What is required:
Repeat only the lines below from the one that contains "top stav, s" through the final line, exactly. Omit pictures.

Excerpted records:
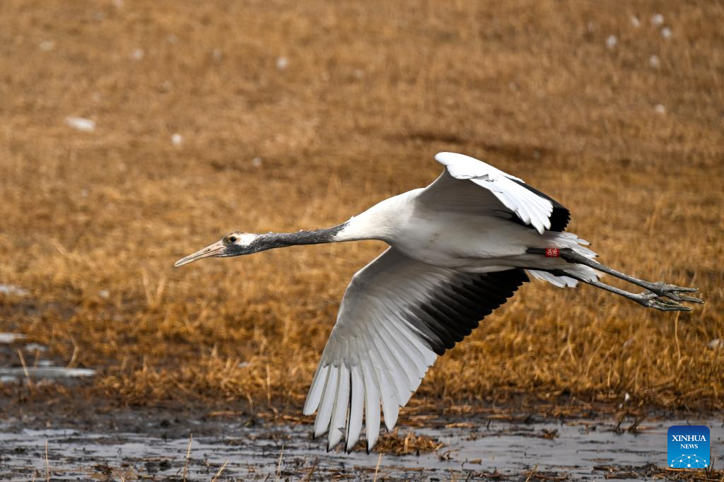 A red-crowned crane flies at Zhalong National Nature Reserve in Qiqihar, northeast China's Heilongjiang Province, March 29, 2024. Zhalong National Nature Reserve provides a major habitat for red-crowned cranes and other wildlife. (Xinhua/Chen Yichen)
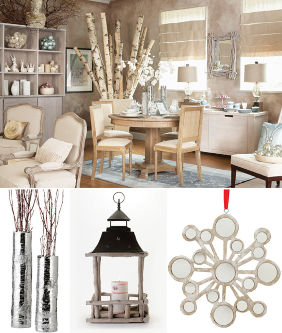 With smaller urban homes and unit condos, many people do not have the space to keep tons of decorations that they use one month a year. Look at items that you can reuse instead. Simply replace the white and red candle on the twig lantern and enjoy it all summer at the cottage. The silver twig vase, I saw similar ones at William Ashley by the way, could be used any time you entertain to add sparkle to your dining room. I might keep one or two white deer statutes on a shelf after Christmas.
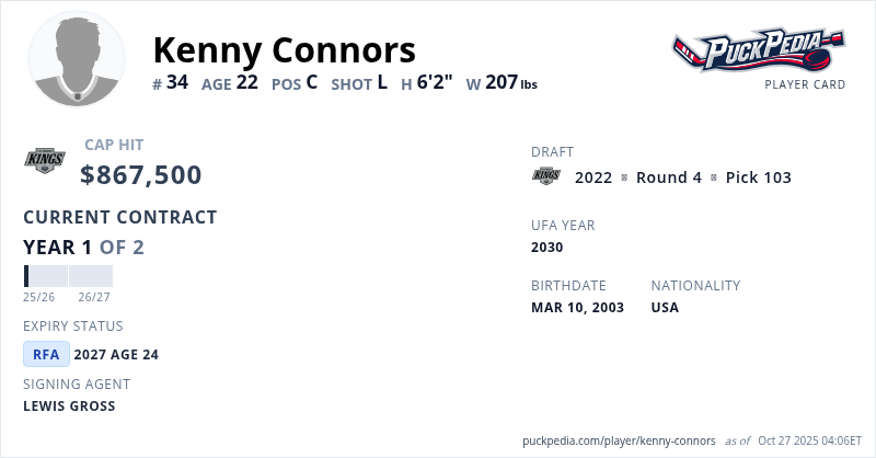 Kenny Connors is signed to a 2 year, $1,735,000 contract with a cap hit of $867,500 per season, playing for the Los Angeles Kings. His contract expires at the end of the 2026-27 season, making Connors a Restricted Free Agent.
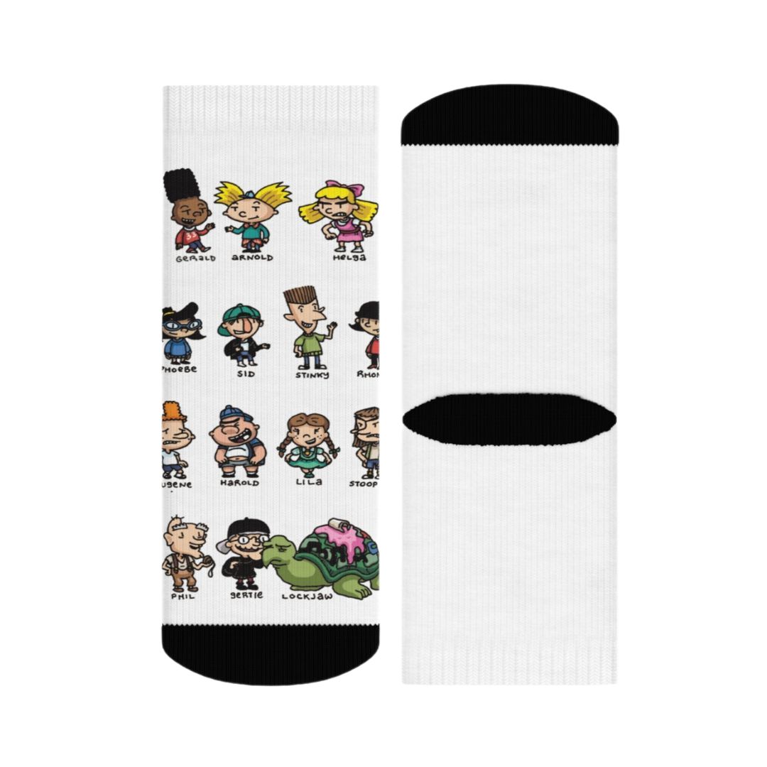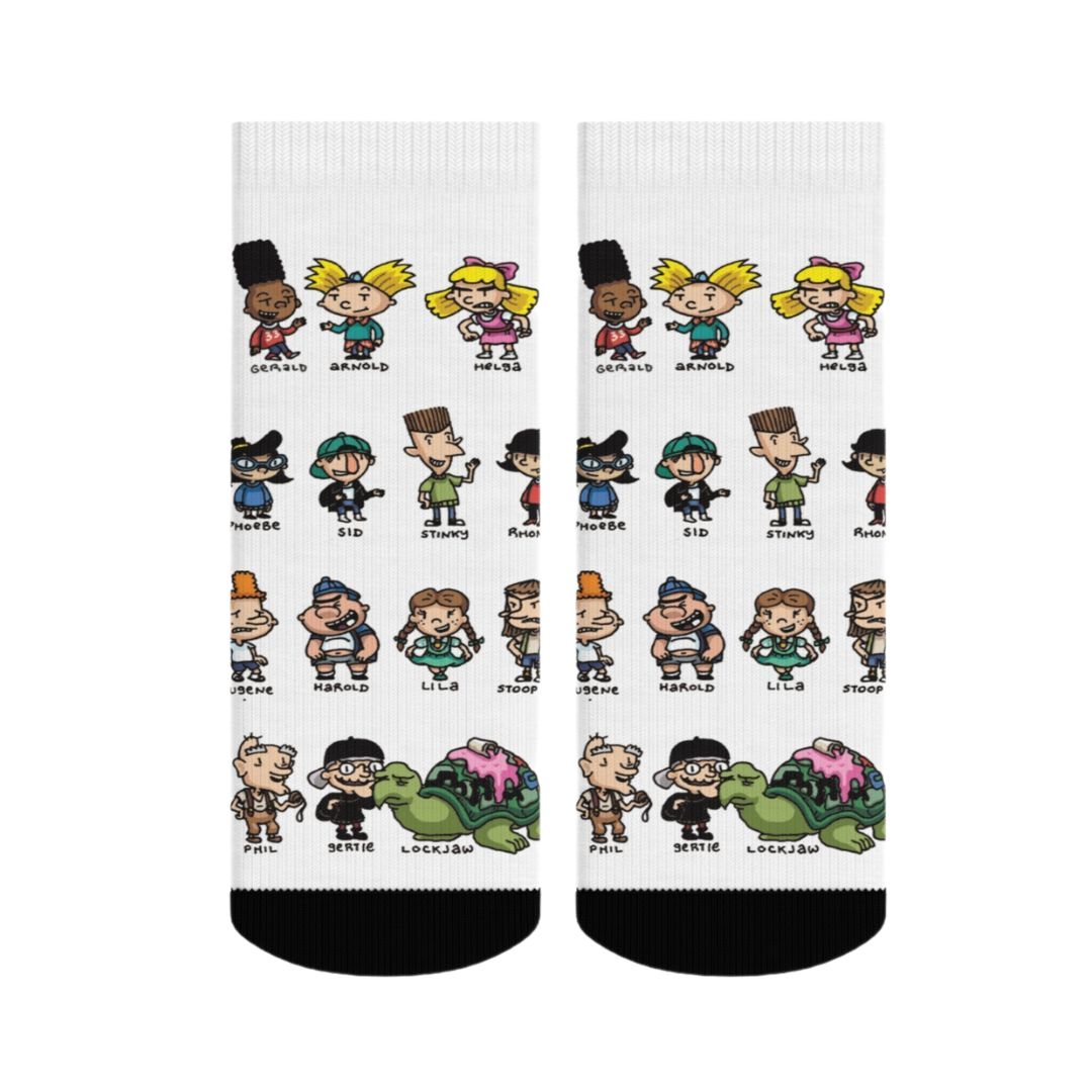Lleva contigo el estilo clásico de la serie animada ¡Oye Arnold! con este par de calcetines cortos que presentan a sus personajes más representativos como Arnold, Helga, Gerald y Stinky, entre otros.
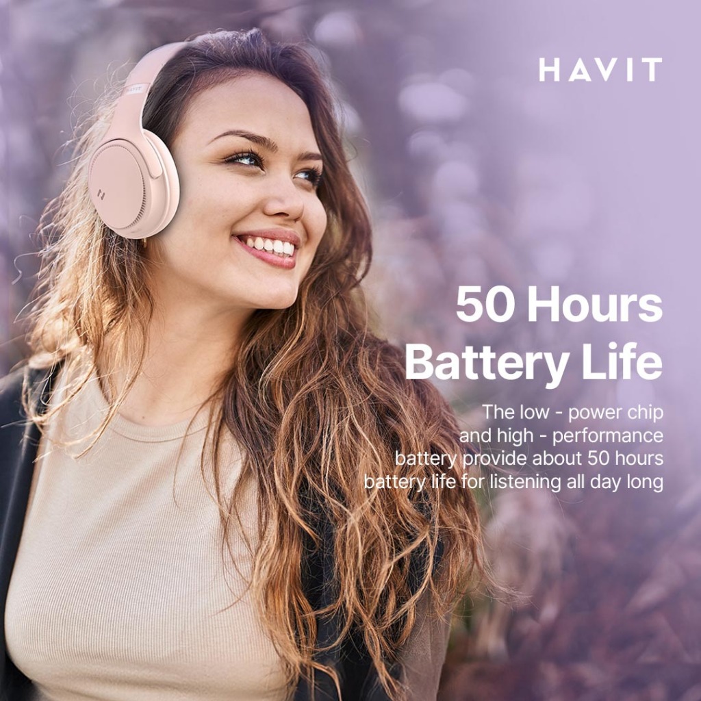 Havit H630BT PRO ANC Wireless Headphones Crystal Clear Calls Dual Device Connection - Pink
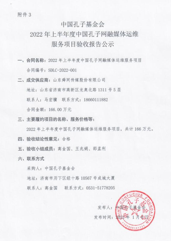 中国孔子基金会2022年上半年度中国孔子网融媒体运维服务项目验收报告公示
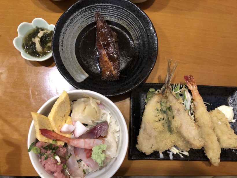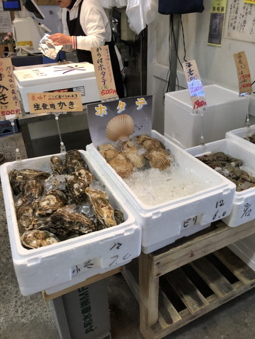 新鮮な魚介を買ってすぐ食べられるバーベキューや、豊富な海鮮料理が揃うお食事処が数店舗まとまってあり、漁港市場の新鮮な魚介類も買えます。
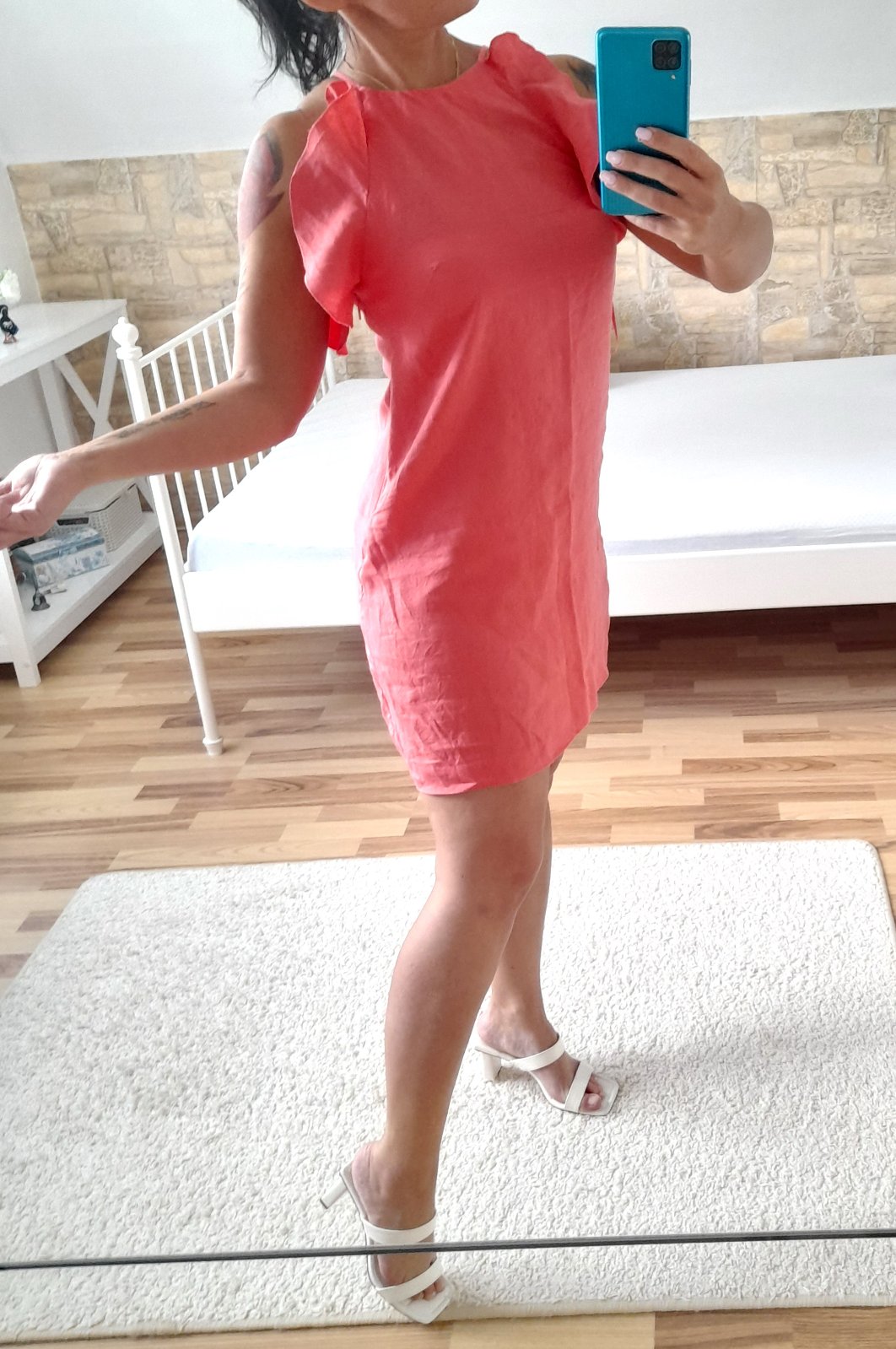 top stav, s volánikmi, na boku zips, dĺžka 76cm, šírka v podpazuší 42x2cm
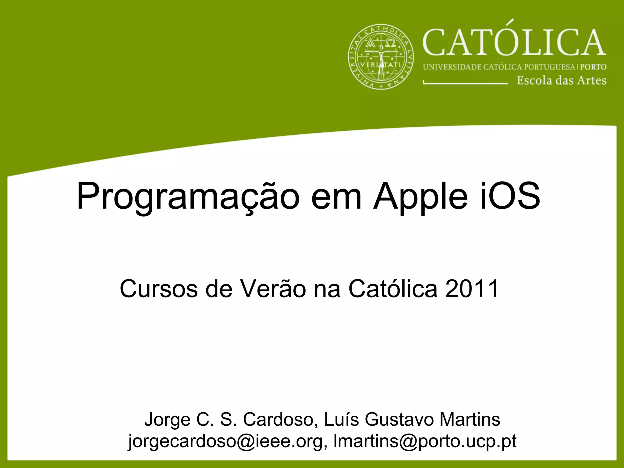 O documento discute o desenvolvimento de aplicações para dispositivos iOS usando o SDK da Apple. Ele descreve as ferramentas incluídas no SDK como o Xcode, Interface Builder e simulador, além das APIs Cocoa e Cocoa Touch. Também aborda tópicos como Model-View-Controller, delegação e um exemplo simples de calculadora de frações.
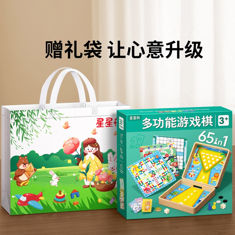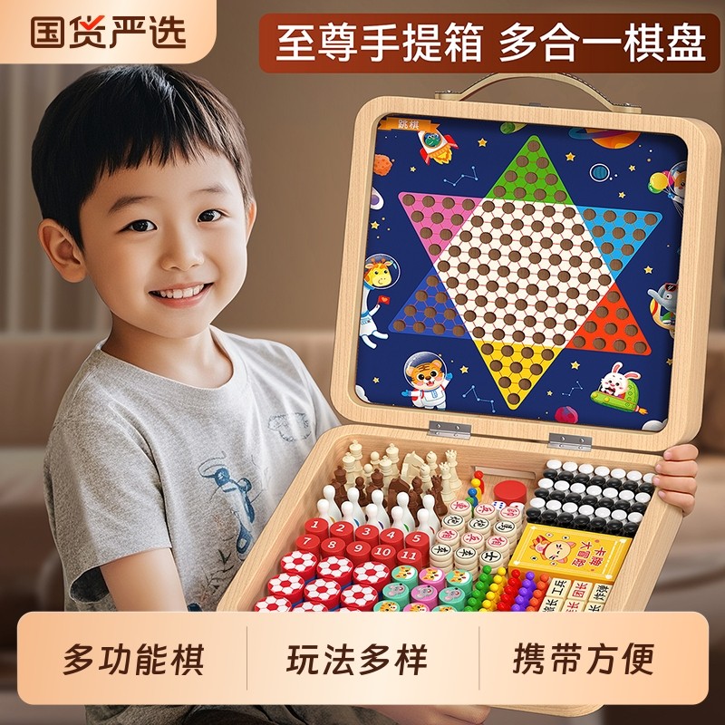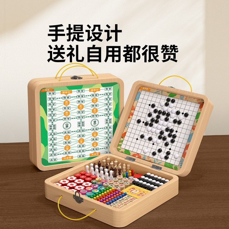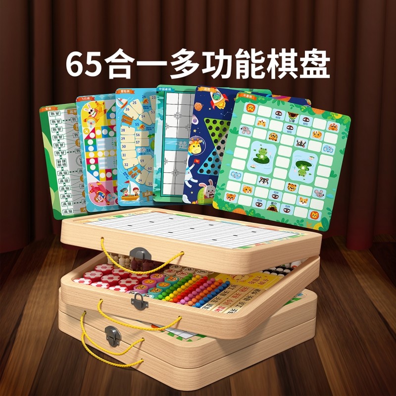 65合一多功能棋盘跳棋飞行棋五子棋儿童版多合一棋类益智玩具桌游

Result of the exercise:
 top stav, s volánikmi, na boku zips, dĺžka 76cm, šírka v podpazuší 42x2cm
 O documento discute o desenvolvimento de aplicações para dispositivos iOS usando o SDK da Apple. Ele descreve as ferramentas incluídas no SDK como o Xcode, Interface Builder e simulador, além das APIs Cocoa e Cocoa Touch. Também aborda tópicos como Model-View-Controller, delegação e um exemplo simples de calculadora de frações.
 65合一多功能棋盘跳棋飞行棋五子棋儿童版多合一棋类益智玩具桌游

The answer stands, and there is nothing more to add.